_COLLECTED MATERIAL_
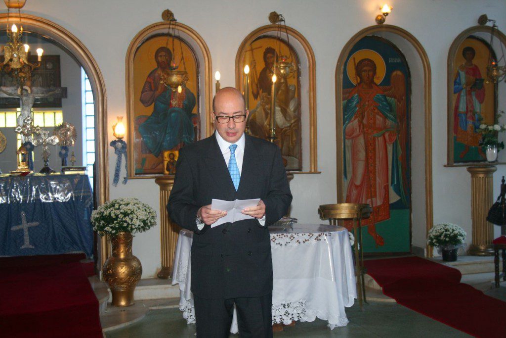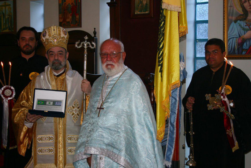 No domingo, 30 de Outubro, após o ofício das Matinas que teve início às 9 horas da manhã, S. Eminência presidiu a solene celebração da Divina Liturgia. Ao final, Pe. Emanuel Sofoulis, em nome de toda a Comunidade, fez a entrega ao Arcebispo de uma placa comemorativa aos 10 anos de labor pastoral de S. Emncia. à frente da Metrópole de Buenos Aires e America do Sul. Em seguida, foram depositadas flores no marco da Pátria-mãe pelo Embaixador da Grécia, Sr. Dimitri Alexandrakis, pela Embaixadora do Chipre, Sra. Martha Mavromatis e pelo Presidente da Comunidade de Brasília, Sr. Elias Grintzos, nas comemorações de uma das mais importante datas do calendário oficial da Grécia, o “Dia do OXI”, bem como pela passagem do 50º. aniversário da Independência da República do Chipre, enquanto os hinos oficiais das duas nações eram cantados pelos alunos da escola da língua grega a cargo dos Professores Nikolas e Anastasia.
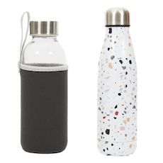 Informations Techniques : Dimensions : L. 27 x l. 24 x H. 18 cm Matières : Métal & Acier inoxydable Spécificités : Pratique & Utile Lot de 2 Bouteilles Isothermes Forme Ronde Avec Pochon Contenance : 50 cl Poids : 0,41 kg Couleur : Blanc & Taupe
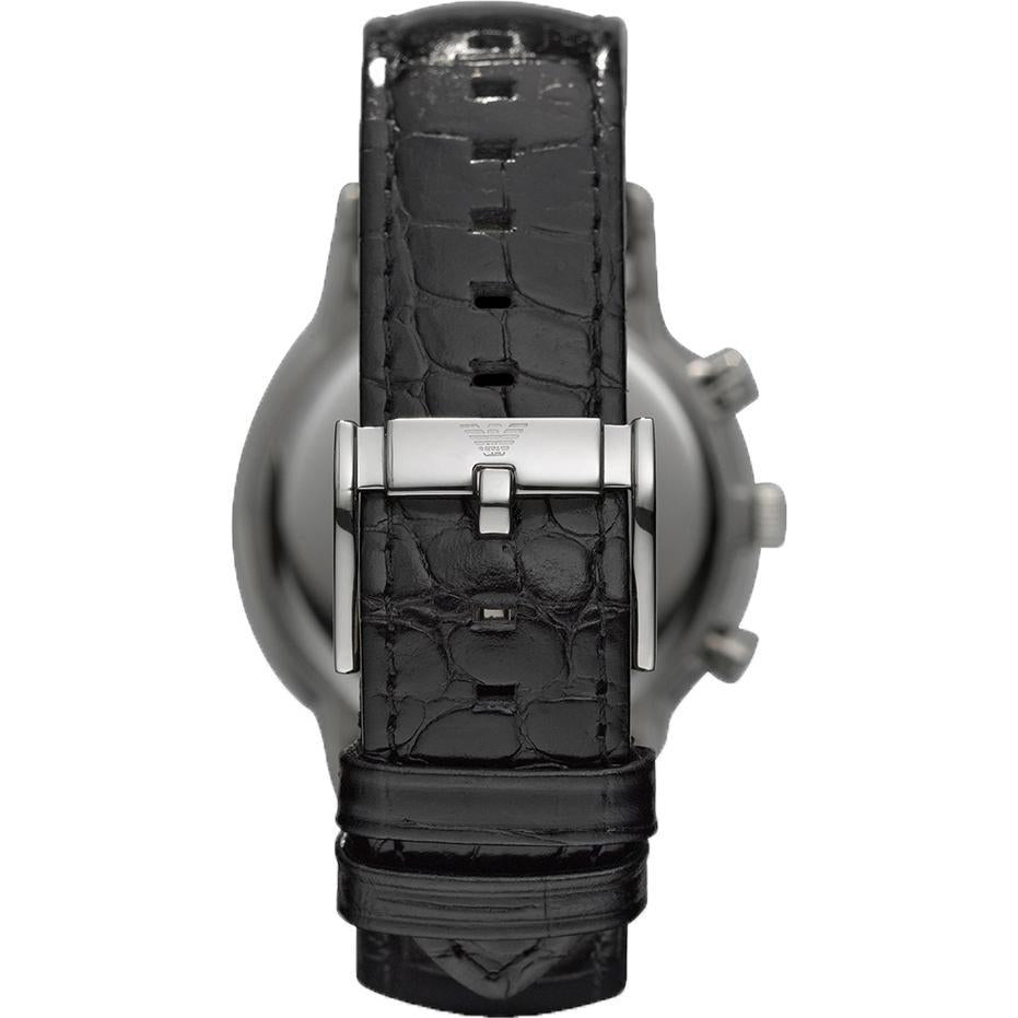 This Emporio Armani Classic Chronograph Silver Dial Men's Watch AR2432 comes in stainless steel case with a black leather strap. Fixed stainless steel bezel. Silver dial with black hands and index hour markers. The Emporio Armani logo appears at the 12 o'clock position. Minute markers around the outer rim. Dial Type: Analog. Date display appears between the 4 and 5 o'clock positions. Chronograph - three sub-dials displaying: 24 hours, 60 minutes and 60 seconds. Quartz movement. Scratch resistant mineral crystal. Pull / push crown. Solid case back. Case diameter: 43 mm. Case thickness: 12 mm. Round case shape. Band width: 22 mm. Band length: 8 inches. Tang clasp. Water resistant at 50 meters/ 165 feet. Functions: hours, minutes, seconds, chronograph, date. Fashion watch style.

_WHAT THE EXERCISE ASKS_
Go through the listing and restate each line word for word, leaving out the pictures.

_RESPONSE FOR THIS EXERCISE_
 No domingo, 30 de Outubro, após o ofício das Matinas que teve início às 9 horas da manhã, S. Eminência presidiu a solene celebração da Divina Liturgia. Ao final, Pe. Emanuel Sofoulis, em nome de toda a Comunidade, fez a entrega ao Arcebispo de uma placa comemorativa aos 10 anos de labor pastoral de S. Emncia. à frente da Metrópole de Buenos Aires e America do Sul. Em seguida, foram depositadas flores no marco da Pátria-mãe pelo Embaixador da Grécia, Sr. Dimitri Alexandrakis, pela Embaixadora do Chipre, Sra. Martha Mavromatis e pelo Presidente da Comunidade de Brasília, Sr. Elias Grintzos, nas comemorações de uma das mais importante datas do calendário oficial da Grécia, o “Dia do OXI”, bem como pela passagem do 50º. aniversário da Independência da República do Chipre, enquanto os hinos oficiais das duas nações eram cantados pelos alunos da escola da língua grega a cargo dos Professores Nikolas e Anastasia.
 Informations Techniques : Dimensions : L. 27 x l. 24 x H. 18 cm Matières : Métal & Acier inoxydable Spécificités : Pratique & Utile Lot de 2 Bouteilles Isothermes Forme Ronde Avec Pochon Contenance : 50 cl Poids : 0,41 kg Couleur : Blanc & Taupe
 This Emporio Armani Classic Chronograph Silver Dial Men's Watch AR2432 comes in stainless steel case with a black leather strap. Fixed stainless steel bezel. Silver dial with black hands and index hour markers. The Emporio Armani logo appears at the 12 o'clock position. Minute markers around the outer rim. Dial Type: Analog. Date display appears between the 4 and 5 o'clock positions. Chronograph - three sub-dials displaying: 24 hours, 60 minutes and 60 seconds. Quartz movement. Scratch resistant mineral crystal. Pull / push crown. Solid case back. Case diameter: 43 mm. Case thickness: 12 mm. Round case shape. Band width: 22 mm. Band length: 8 inches. Tang clasp. Water resistant at 50 meters/ 165 feet. Functions: hours, minutes, seconds, chronograph, date. Fashion watch style.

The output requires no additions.